*Try it*
Return the full listing unchanged, excluding any images it contains.

*Collected material*
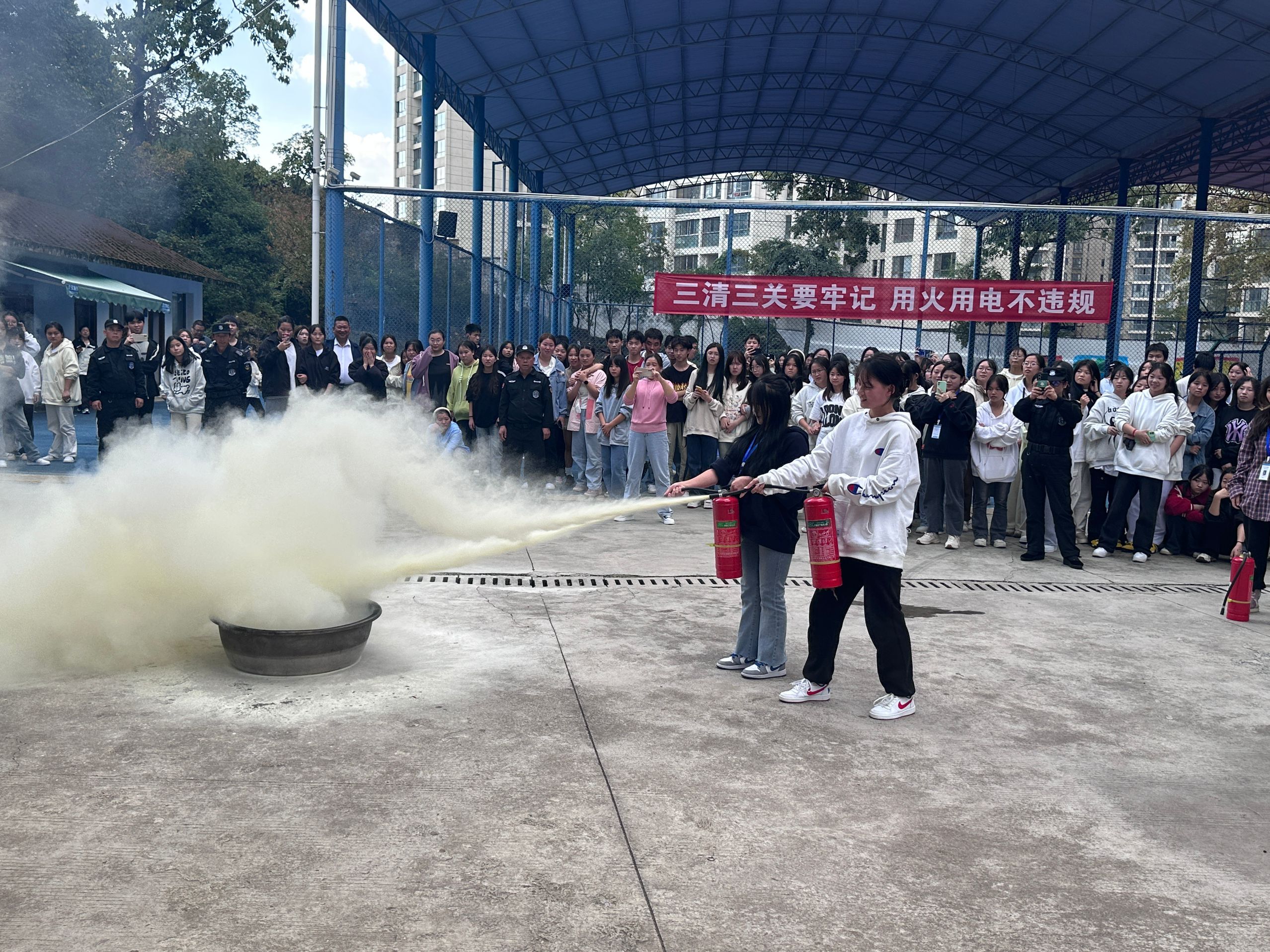 学生实操使用灭火器
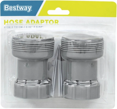 Адаптери за маркуч на басейн с диаметър 38 мм, които свързват вентили към филтърни помпи Bestway с диаметър 32 мм. Изработени от висококачествен, издръжлив и корозионно устойчив материал.
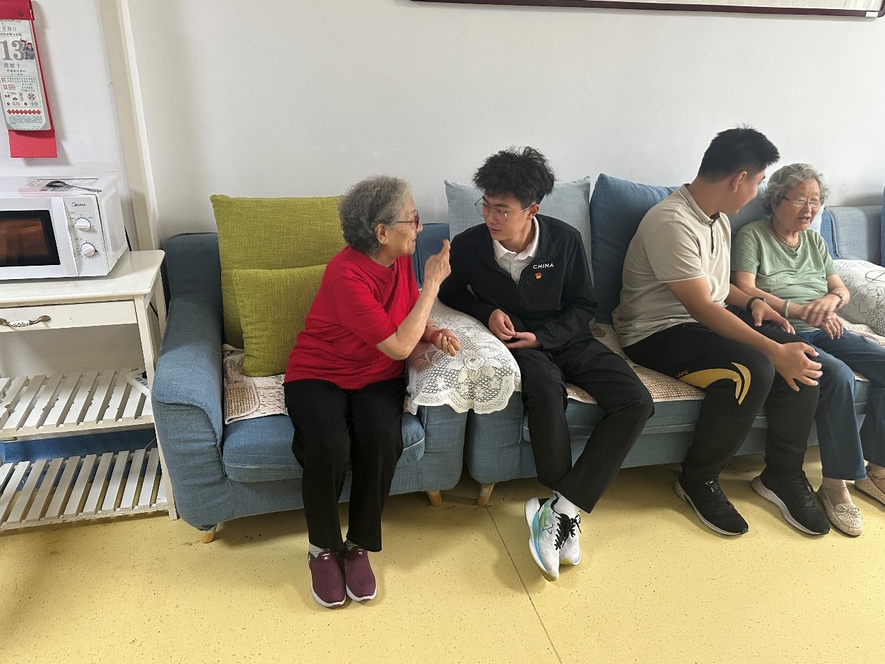 图为志愿者与老人交流沟通

*Exercise solution*
 学生实操使用灭火器
 Адаптери за маркуч на басейн с диаметър 38 мм, които свързват вентили към филтърни помпи Bestway с диаметър 32 мм. Изработени от висококачествен, издръжлив и корозионно устойчив материал.
 图为志愿者与老人交流沟通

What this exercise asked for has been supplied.